### EXTRACTED ENTRIES:
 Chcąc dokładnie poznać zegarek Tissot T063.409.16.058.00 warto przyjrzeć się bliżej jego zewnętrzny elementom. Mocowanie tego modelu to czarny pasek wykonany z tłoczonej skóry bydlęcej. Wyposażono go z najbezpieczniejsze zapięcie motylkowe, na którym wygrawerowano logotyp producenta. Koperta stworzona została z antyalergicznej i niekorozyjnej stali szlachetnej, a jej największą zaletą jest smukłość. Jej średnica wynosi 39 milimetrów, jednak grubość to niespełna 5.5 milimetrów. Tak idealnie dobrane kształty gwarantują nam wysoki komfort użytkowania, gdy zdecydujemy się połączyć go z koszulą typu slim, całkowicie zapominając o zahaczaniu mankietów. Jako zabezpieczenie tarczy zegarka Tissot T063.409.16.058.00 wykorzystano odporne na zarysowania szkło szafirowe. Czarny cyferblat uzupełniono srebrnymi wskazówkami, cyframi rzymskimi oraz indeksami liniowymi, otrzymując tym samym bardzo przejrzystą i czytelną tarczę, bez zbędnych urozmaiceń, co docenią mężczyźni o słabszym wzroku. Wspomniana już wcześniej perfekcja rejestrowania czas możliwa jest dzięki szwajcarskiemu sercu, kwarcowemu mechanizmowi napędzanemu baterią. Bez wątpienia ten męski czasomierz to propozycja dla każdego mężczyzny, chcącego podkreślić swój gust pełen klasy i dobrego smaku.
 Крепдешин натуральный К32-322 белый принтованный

==

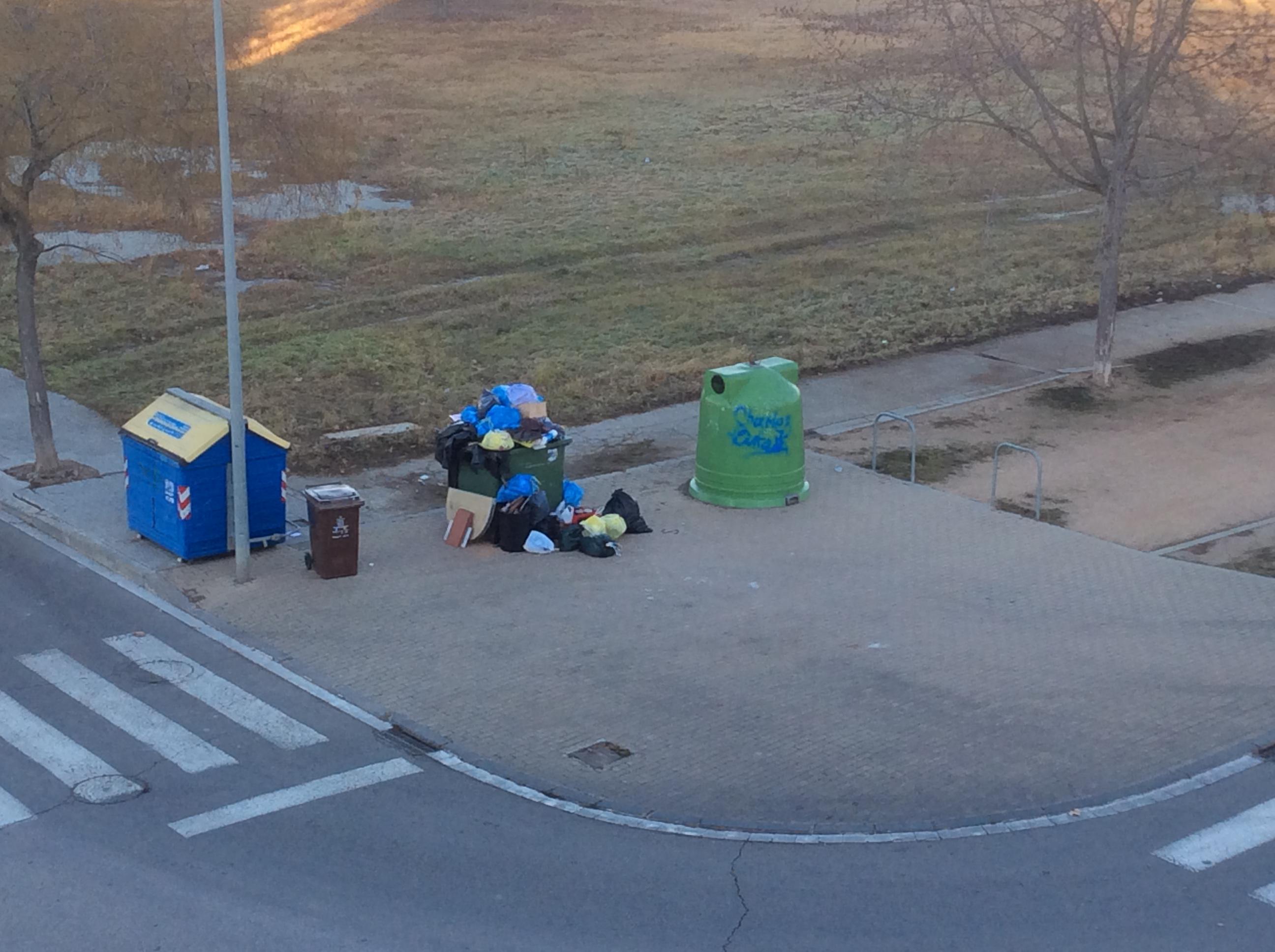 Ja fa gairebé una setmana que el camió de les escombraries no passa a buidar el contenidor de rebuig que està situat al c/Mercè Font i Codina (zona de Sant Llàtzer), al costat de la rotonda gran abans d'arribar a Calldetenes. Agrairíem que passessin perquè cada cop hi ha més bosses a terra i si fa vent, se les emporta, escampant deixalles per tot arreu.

### WORK INSTRUCTIONS:
A word-for-word copy of the lines above from the one with "Chcąc dokładnie poznać" through the one with "Крепдешин натуральный К32-322", inclusive, is the only output wanted.

### EXERCISE RESULT:
 Chcąc dokładnie poznać zegarek Tissot T063.409.16.058.00 warto przyjrzeć się bliżej jego zewnętrzny elementom. Mocowanie tego modelu to czarny pasek wykonany z tłoczonej skóry bydlęcej. Wyposażono go z najbezpieczniejsze zapięcie motylkowe, na którym wygrawerowano logotyp producenta. Koperta stworzona została z antyalergicznej i niekorozyjnej stali szlachetnej, a jej największą zaletą jest smukłość. Jej średnica wynosi 39 milimetrów, jednak grubość to niespełna 5.5 milimetrów. Tak idealnie dobrane kształty gwarantują nam wysoki komfort użytkowania, gdy zdecydujemy się połączyć go z koszulą typu slim, całkowicie zapominając o zahaczaniu mankietów. Jako zabezpieczenie tarczy zegarka Tissot T063.409.16.058.00 wykorzystano odporne na zarysowania szkło szafirowe. Czarny cyferblat uzupełniono srebrnymi wskazówkami, cyframi rzymskimi oraz indeksami liniowymi, otrzymując tym samym bardzo przejrzystą i czytelną tarczę, bez zbędnych urozmaiceń, co docenią mężczyźni o słabszym wzroku. Wspomniana już wcześniej perfekcja rejestrowania czas możliwa jest dzięki szwajcarskiemu sercu, kwarcowemu mechanizmowi napędzanemu baterią. Bez wątpienia ten męski czasomierz to propozycja dla każdego mężczyzny, chcącego podkreślić swój gust pełen klasy i dobrego smaku.
 Крепдешин натуральный К32-322 белый принтованный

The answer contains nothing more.